Exercise: The lines in the listing below are to be given again exactly, starting at the line holding "Number of downloads" and ending at the line holding "揭牌仪式后,赵长生副局长和邬". Do not include pictures.

Records shown:
::::::::

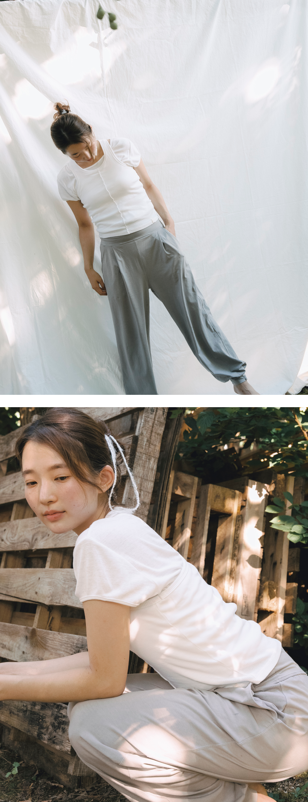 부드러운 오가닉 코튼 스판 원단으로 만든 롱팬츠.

::::::::

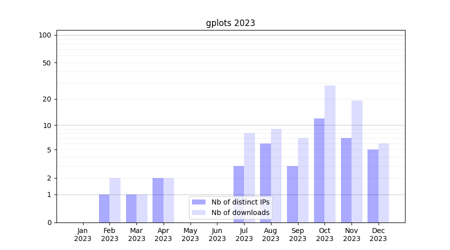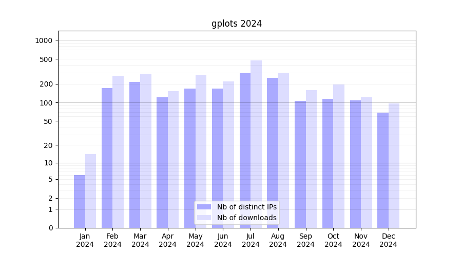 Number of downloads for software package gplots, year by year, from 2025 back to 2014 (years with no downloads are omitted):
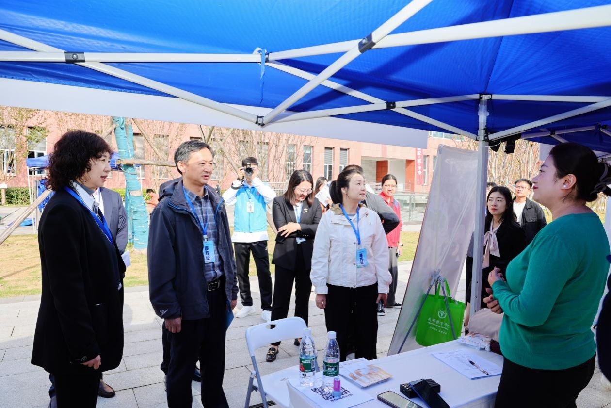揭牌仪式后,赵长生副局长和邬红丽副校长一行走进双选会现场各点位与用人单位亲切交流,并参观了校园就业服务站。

::::::::

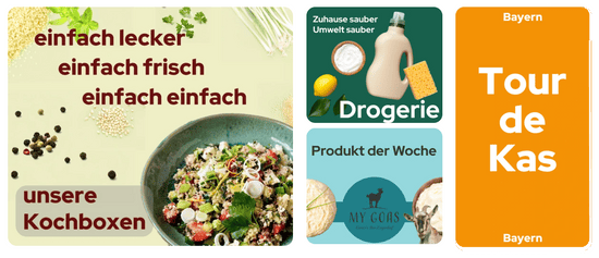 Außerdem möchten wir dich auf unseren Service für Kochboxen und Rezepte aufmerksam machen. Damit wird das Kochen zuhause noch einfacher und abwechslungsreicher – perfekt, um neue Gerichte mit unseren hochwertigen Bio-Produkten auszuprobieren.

::::::::

Solution to the problem:
 Number of downloads for software package gplots, year by year, from 2025 back to 2014 (years with no downloads are omitted):
揭牌仪式后,赵长生副局长和邬红丽副校长一行走进双选会现场各点位与用人单位亲切交流,并参观了校园就业服务站。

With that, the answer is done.